→ **Try it**: In the records below, the lines between the one holding "- Динамичный праздничный" and the one holding "Украинская девочка, освобожденная", inclusive, are to be transcribed exactly; no pictures are to be included.

→ **Extracted records**:
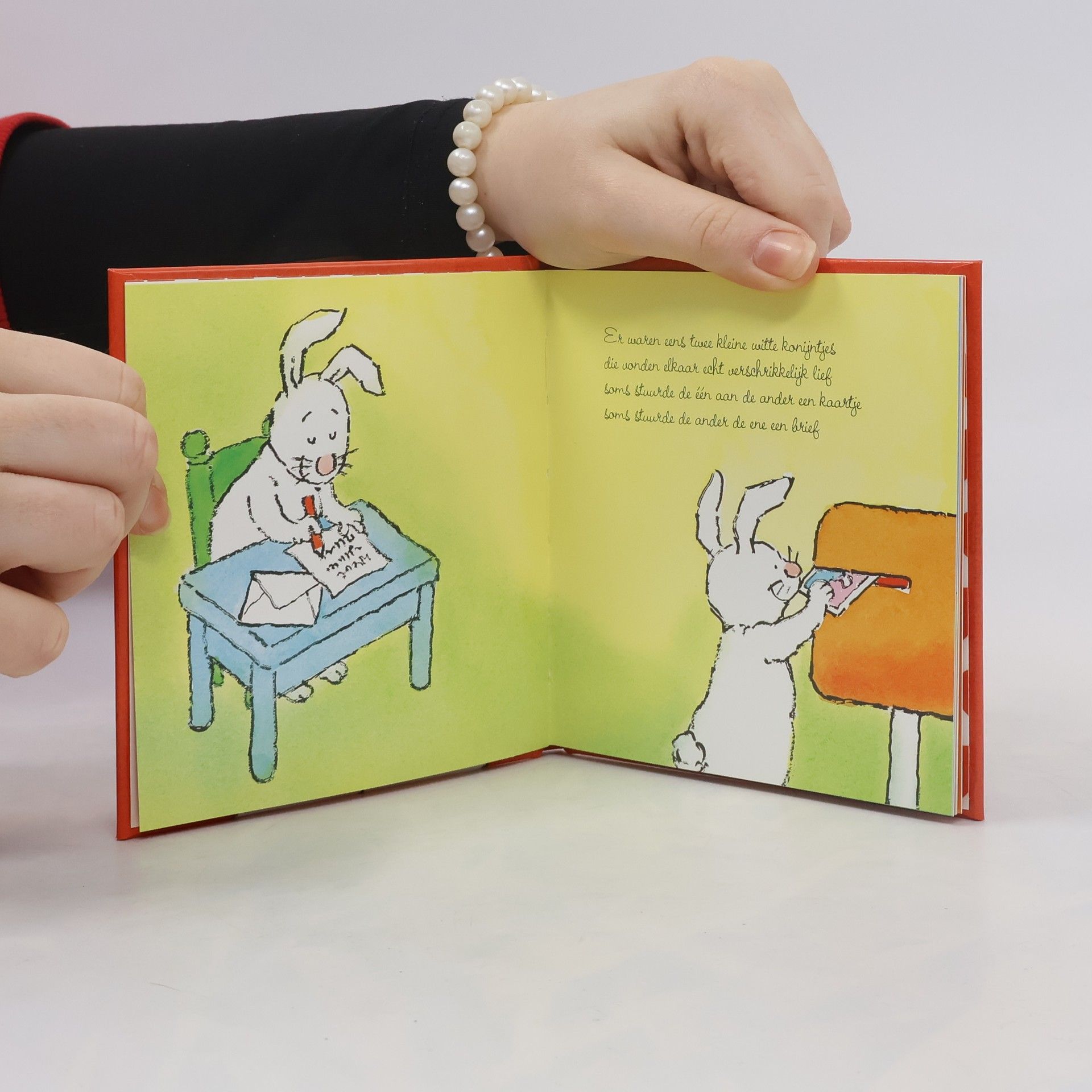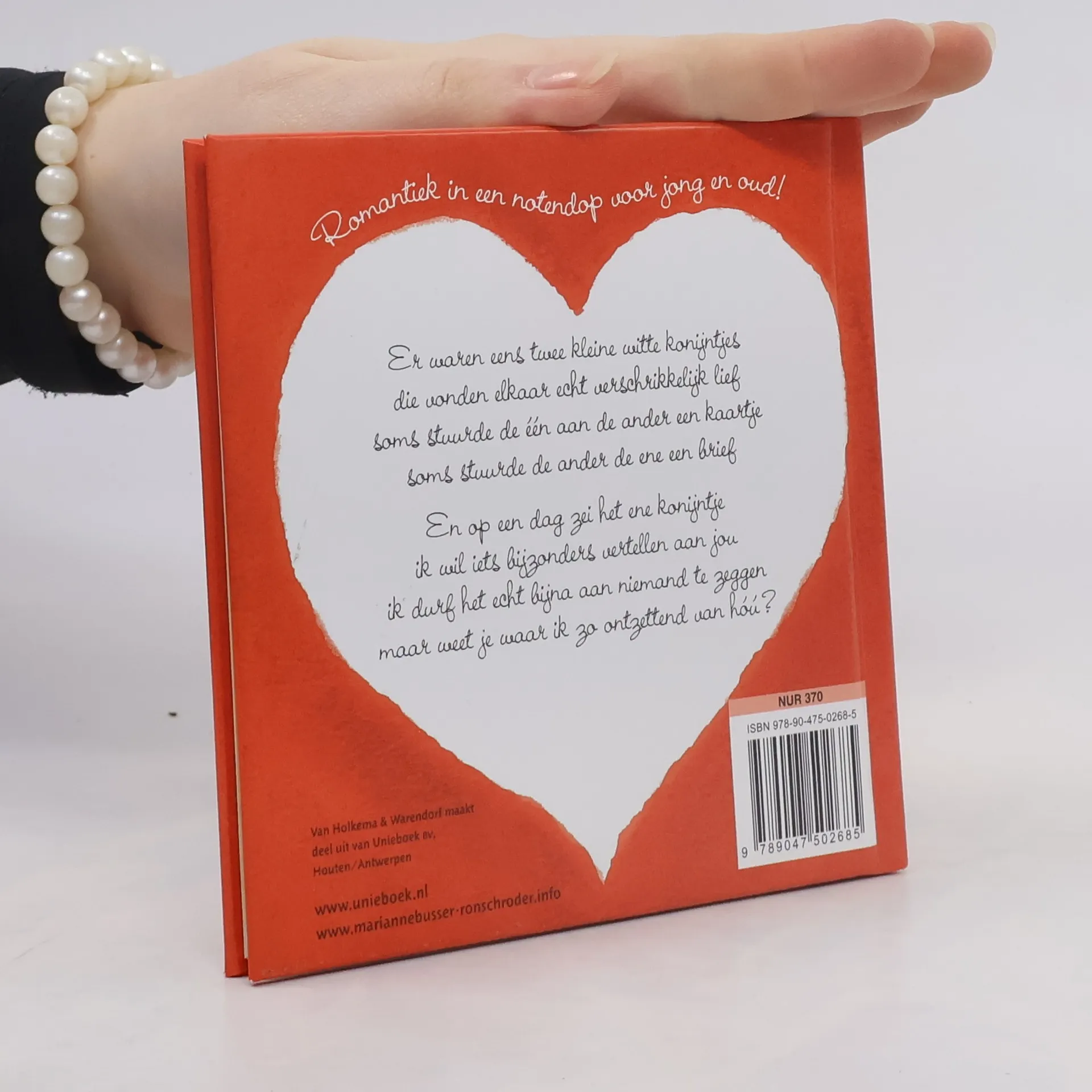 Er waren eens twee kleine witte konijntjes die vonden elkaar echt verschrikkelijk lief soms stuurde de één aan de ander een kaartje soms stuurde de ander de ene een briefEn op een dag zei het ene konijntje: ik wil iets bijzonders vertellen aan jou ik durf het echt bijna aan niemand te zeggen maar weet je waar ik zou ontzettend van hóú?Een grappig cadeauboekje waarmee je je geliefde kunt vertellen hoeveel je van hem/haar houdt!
---
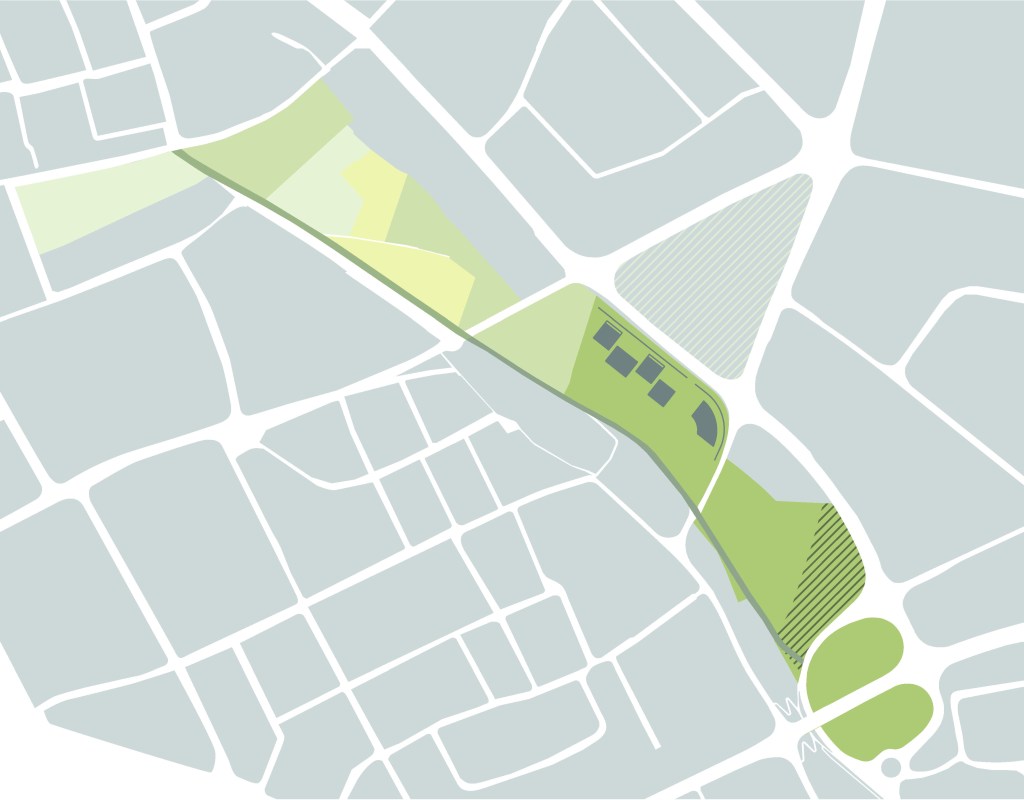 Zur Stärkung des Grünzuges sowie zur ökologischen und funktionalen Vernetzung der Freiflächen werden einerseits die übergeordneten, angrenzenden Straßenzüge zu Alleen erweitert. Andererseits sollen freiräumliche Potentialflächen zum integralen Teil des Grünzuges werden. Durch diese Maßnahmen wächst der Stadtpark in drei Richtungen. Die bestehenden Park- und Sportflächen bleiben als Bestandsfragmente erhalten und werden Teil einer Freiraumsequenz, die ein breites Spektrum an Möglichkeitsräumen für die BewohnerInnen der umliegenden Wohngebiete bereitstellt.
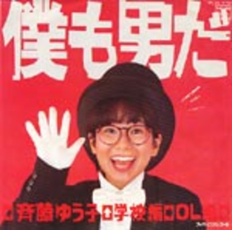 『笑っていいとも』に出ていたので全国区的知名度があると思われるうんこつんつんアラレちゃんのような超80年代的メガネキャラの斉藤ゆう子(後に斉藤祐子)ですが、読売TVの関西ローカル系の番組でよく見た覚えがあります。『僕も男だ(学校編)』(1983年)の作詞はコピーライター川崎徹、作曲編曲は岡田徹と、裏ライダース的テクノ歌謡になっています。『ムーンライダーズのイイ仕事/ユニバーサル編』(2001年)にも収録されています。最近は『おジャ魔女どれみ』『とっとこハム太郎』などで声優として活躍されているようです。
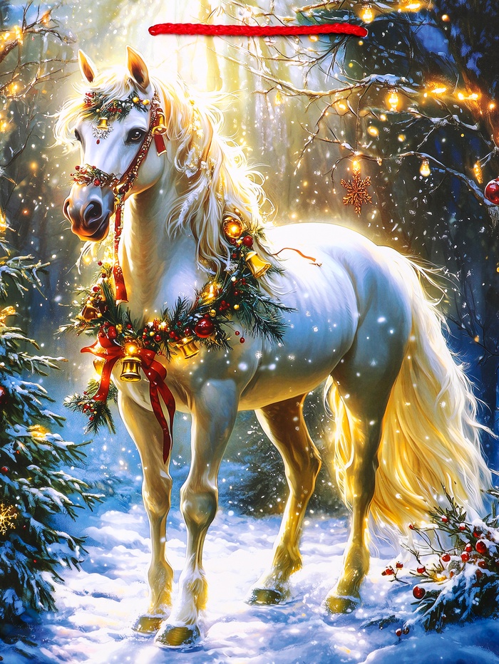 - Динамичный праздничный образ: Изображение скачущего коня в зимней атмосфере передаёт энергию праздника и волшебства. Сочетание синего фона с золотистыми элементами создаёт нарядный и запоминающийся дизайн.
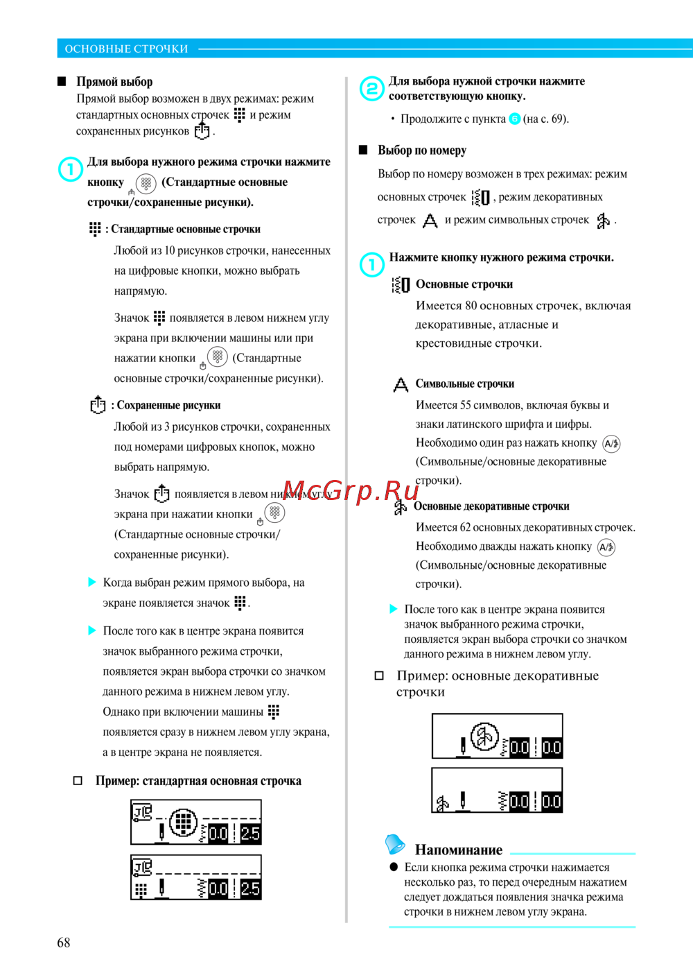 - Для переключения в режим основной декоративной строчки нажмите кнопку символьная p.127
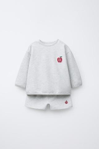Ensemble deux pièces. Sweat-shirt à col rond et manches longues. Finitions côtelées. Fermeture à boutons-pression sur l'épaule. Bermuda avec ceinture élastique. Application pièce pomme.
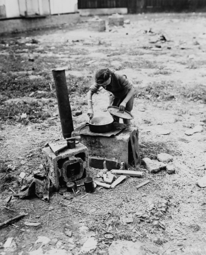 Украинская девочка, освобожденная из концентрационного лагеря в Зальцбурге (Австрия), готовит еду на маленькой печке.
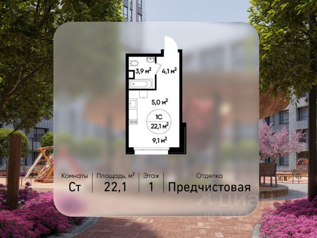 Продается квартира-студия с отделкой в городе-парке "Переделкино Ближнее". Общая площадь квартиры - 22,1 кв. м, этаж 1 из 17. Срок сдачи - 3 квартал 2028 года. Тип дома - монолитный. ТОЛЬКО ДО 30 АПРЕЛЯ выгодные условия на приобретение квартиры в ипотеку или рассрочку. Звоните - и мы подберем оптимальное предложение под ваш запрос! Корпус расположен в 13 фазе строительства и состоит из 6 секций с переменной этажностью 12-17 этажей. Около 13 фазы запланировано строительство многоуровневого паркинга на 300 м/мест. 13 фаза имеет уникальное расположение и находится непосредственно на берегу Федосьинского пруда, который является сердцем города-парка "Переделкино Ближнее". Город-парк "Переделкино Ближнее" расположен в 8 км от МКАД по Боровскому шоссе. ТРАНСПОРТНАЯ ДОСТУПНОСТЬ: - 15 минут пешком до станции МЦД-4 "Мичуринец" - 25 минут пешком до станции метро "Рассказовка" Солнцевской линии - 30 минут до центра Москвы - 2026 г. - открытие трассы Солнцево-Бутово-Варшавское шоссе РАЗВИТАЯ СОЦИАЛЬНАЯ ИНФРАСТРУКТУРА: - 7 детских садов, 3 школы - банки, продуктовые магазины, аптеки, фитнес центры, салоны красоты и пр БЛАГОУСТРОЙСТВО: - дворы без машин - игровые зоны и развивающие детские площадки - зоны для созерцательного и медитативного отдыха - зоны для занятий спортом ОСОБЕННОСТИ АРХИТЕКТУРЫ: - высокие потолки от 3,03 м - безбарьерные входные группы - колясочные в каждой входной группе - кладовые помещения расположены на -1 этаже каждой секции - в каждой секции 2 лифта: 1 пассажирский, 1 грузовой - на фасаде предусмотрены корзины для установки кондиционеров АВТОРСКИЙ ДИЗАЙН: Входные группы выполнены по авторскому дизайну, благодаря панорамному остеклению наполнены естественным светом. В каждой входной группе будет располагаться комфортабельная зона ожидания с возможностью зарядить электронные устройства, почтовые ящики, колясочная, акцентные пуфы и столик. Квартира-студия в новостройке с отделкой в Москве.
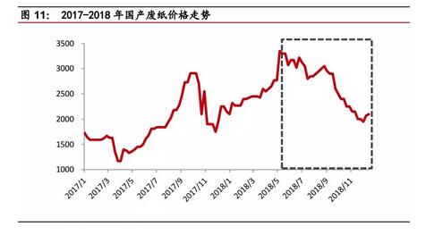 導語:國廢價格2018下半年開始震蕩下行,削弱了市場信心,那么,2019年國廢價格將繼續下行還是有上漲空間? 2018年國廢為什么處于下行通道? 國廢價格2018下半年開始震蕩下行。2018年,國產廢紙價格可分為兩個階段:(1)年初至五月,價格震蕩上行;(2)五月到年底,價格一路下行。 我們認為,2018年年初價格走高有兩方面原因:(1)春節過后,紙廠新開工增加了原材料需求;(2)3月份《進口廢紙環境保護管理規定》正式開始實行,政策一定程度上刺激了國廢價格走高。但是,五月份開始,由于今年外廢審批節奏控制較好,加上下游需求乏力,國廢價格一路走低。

→ **Solution below**:
 - Динамичный праздничный образ: Изображение скачущего коня в зимней атмосфере передаёт энергию праздника и волшебства. Сочетание синего фона с золотистыми элементами создаёт нарядный и запоминающийся дизайн.
 - Для переключения в режим основной декоративной строчки нажмите кнопку символьная p.127
Ensemble deux pièces. Sweat-shirt à col rond et manches longues. Finitions côtelées. Fermeture à boutons-pression sur l'épaule. Bermuda avec ceinture élastique. Application pièce pomme.
 Украинская девочка, освобожденная из концентрационного лагеря в Зальцбурге (Австрия), готовит еду на маленькой печке.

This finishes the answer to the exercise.